Bu noktada, Batesian taklidi, korunmasız bir av türünün veya taklitçinin toksik veya başka şekilde korunmuş bir türü veya modeli taklit ettiği yerdir (Biodiversity Lab 2017). Başlangıçta, Henry Bates teoriyi ortaya koyduğunda, çeşitli kelebek türlerinin hoş olmayan bir türe nasıl benzediğini keşfettiği Amazon'a yaptığı geziden sonra, Charles Darwin ve Alfred Russel Wallace bu keşfi doğal seçilimin güzel bir örneği olarak selamladı. Batesian taklidi üzerine çalışmalar günümüze kadar devam etmektedir ve bilim adamları teoriyi destekleyen kanıtlar sağlamak için güçlü bir teorik çerçeveye sahiptir (Biodiversity Lab 2017). Aslında, Kelebekler'deki Batesian taklidi üzerine yapılan çalışmaların çoğu, evrimsel biyolojiyi destekleyen en güçlü kanıtlardan biri haline gelmiştir..

Doğa bunun örnekleri ile doludur. Çekirge, Condylodera tricondyloides Borneo'da, çoğu müze koleksiyonunda genellikle kaplan böcekleri ile karıştırıldığı kaplan böceklerine çok benziyor. Kaplan böceği çok agresif ve çekirgenin hayatta kalmasını sağlamaya yardımcı olmak için taklit etmeyi umduğu özellik budur (Salvato 1997).

Genellikle Monarch kelebeği ve Viceroy kelebeği örneği Batesian taklidinin bir örneği olarak sunulur. Bu örnekte, Vali kelebeğinin Monarch kelebeğini taklit ettiği düşünülmüştür, çünkü Monarch yırtıcılara karşı hoş değildir. Aslında, son zamanlarda Viceroy'un yırtıcılar için hoş olmayan, esas olarak kuşlar olduğu keşfedildi (Salvato 1997).

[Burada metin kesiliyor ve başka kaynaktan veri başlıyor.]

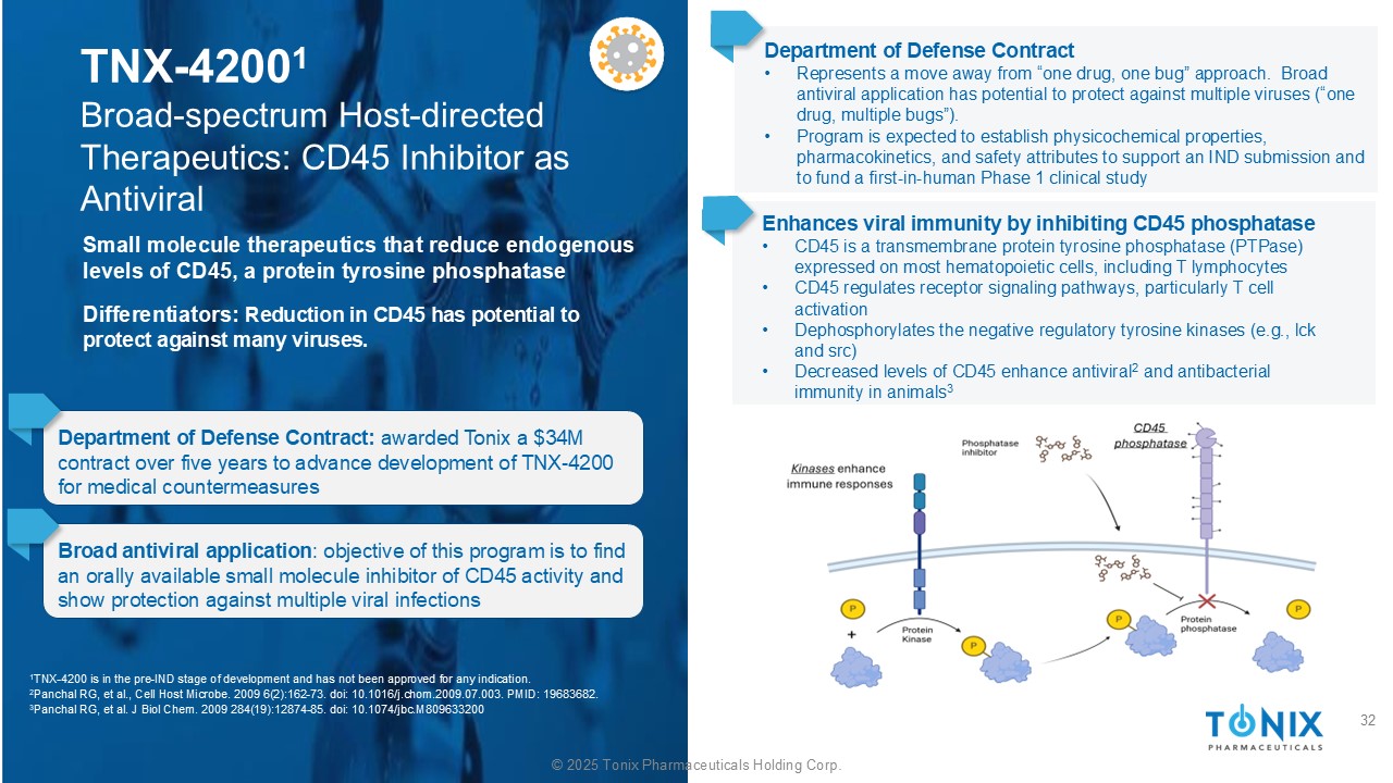 © 2025 Tonix Pharmaceuticals Holding Corp. TNX - 4200 1 Broad - spectrum Host - directed Therapeutics: CD45 Inhibitor as Antiviral Department of Defense Contract : awarded Tonix a $34M contract over five years to advance development of TNX - 4200 for medical countermeasures Broad antiviral application : objective of this program is to find an orally available small molecule inhibitor of CD45 activity and show protection against multiple viral infections Department of Defense Contract • Represents a move away from “one drug, one bug” approach. Broad antiviral application has potential to protect against multiple viruses (“one drug, multiple bugs”). • Program is expected to establish physicochemical properties, pharmacokinetics, and safety attributes to support an IND submission and to fund a first - in - human Phase 1 clinical study Small molecule therapeutics that reduce endogenous levels of CD45, a protein tyrosine phosphatase Differentiators: Reduction in CD45 has potential to protect against many viruses. 1 TNX - 4200 is in the pre - IND stage of development and has not been approved for any indication. 2 Panchal RG, et al., Cell Host Microbe. 2009 6(2):162 - 73. doi: 10.1016/j.chom.2009.07.003. PMID: 19683682. 3 Panchal RG, et al. J Biol Chem. 2009 284(19):12874 - 85. doi: 10.1074/jbc.M809633200 Enhances v iral immunity by inhibiting CD45 phosphatase • CD45 is a transmembrane protein tyrosine phosphatase (PTPase) expressed on most hematopoietic cells, including T lymphocytes • CD45 regulates receptor signaling pathways, particularly T cell activation • D ephosphorylates the negative regulatory tyrosine kinases (e.g., lck and src) • Decreased levels of CD45 enhance antiviral 2 and antibacterial immunity in animals 3 32
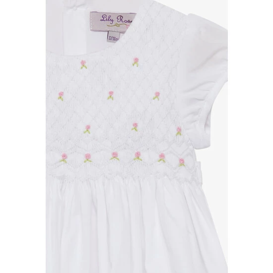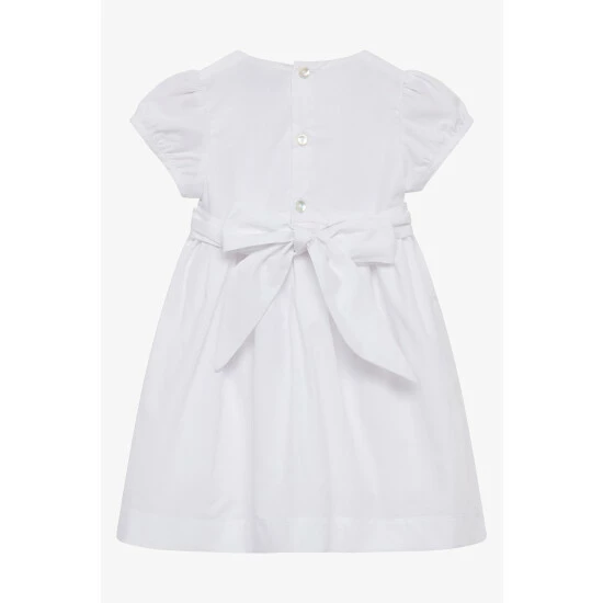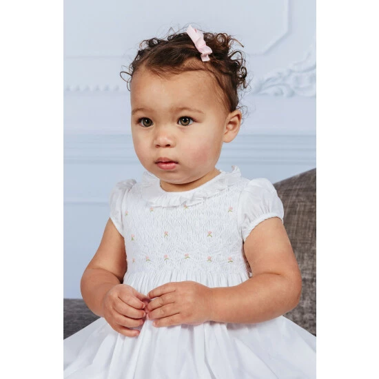 Every little flower girl’s dream, our gorgeous rose dresses have an intricate, hand-smocked upper with miniature rosebud detail; the perfect outfit for all those summer parties and weddings. Integrated petticoat, pearlised button-up back and matching ribbon tie are beautiful finishing touches to these stand out pieces. Please note: due to their hand-smocked upper Trotters London recommends purchasing up one size.
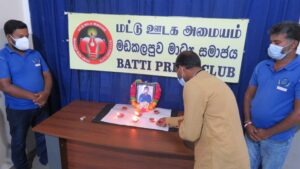 மட்டக்களப்பு தமிழ் ஊடகவியலாளர் ஒன்றிய தலைவர் பா.கிருஷ்ணகுமார் தலைமையில் இடம்பெற்ற இந்த அஞ்சலி செலுத்தும் நிகழ்வில் ஊடகவியலாளர்கள் கலந்து கொண்டு உயிரிழந்த ஊடகவியலாளரின் திருவுருவ படத்திற்கு சுடர்ஏற்றி ஆத்மா சாந்தியடைய வேண்டி இரண்டு நிமிட மௌன அஞ்சலி செலுத்தினர்.
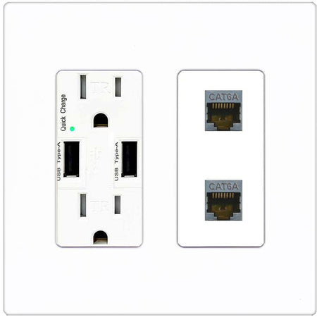 RiteAV 2 Port Cat6A Wall Plate - USB Charger [Screwless White]

Bu nedenle, Batesian taklidinin bir örneği olmaktan ziyade, aşağıda ele alınacak olan Mullerian taklidinin bir örneğidir..

Gerçek Batesian taklidinin bir başka örneği, yırtıcılardan biri olan dokumacı karınca Oecophylla Smaragdina'ya benzer görünen karınca önleyici örümcek Myrmarachne ile ortaya çıkar. Örümcek karıncaya çok benzemeseydi, karıncalar tarafından kesinlikle sürülecek ve tüketilecekti..

Batesian taklidi cinsel olarak monomorfik, polimorfik veya cinsiyetle sınırlı türlerde ortaya çıkabilir (Biodiversity Labs 2017).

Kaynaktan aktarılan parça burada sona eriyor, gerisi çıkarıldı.